A quick inspection of a sign-post on the octagonal platform revealed that the proper direction to travel to reach Gith's Gate.  The party quickly found a comfortable formation and set off down the Sky Road, trying to ignore the disquieting jerking motion of the forest floor below.

"Wow, this would be a perfect hideout for bandits," commented Borus. 
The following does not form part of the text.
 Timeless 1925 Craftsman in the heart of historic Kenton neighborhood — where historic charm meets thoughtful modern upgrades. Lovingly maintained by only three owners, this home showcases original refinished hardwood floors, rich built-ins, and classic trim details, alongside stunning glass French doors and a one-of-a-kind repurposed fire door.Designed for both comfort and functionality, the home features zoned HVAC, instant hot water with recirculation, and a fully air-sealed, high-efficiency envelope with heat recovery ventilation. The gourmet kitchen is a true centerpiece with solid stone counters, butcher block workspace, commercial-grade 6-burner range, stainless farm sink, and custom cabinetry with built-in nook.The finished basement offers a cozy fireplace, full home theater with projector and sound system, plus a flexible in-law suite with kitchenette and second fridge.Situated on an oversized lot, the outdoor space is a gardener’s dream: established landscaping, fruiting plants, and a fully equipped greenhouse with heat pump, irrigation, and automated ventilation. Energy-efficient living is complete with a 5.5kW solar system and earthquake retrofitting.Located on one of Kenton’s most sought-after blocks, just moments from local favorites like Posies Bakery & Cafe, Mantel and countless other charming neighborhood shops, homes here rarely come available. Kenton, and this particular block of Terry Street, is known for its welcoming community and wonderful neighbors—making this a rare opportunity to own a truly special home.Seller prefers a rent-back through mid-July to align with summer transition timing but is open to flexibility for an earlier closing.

The party had been traveling for several hours when Maximillion suddenly gave a shout of surprise.  His feet were trapped in some sort of spider web. At the same time, two six foot long spiders dropped down on the party from above and began attacking the front line.  The short combat generated quite a lot of noise, as the party members tried to move around eachother on the bridge to land blows.  Antonius was unlucky enough to get bitten twice, and both times he felt himself grow weaker.  Gritting his teeth, he continued to swing his (much heavier) bastard sword.
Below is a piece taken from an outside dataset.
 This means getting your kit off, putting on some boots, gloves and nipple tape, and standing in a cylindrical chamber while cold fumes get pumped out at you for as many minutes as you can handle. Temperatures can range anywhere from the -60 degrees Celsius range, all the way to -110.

Soon after dispatching the spiders, the party heard a commotion ahead of them on the bridge.  Moving forward, they spotted something that they had not expected.  Ahead of them, and just around a sharp bend in the road, was a portcullis, lowered onto the bridge.  The portcullis was in a frame built on to the bridge, but it looked like it would be a relatively simple matter to swing around the outside of it.  On the other side of the portcullis, attached to the side of the bridge, was a large building.  In front of the building, were three men.  One of the men drew his bow and approached the portcullis, one ran further down the road and out of the party's sight, and the final man ran into the building.  All three were shouting at the top of their lungs.

Quickly, the melee fighters made for the gate, as the archer opened fire from the other side of the portcullis on the unprotected rear of the party: Devan, Melkor, and Meree.  To their dismay, the fighters found that the area in front of the portcullis was the home of two three foot long spiders, as Antonius got caught in a web and the spiders began attacking the fighters.  Thorongil, Redival, and Antonius worked on the spiders, while Max and Borus tried hacking through the gate with little success.  Meree released a precious magic missile at the archer, while Devan and Melkor pelted him with arrows, only occasionally making it through his armor.  After being struck by an arrow, Meree took shelter behind her taller companions, clutching her Maus and hoping that she did not get targeted again.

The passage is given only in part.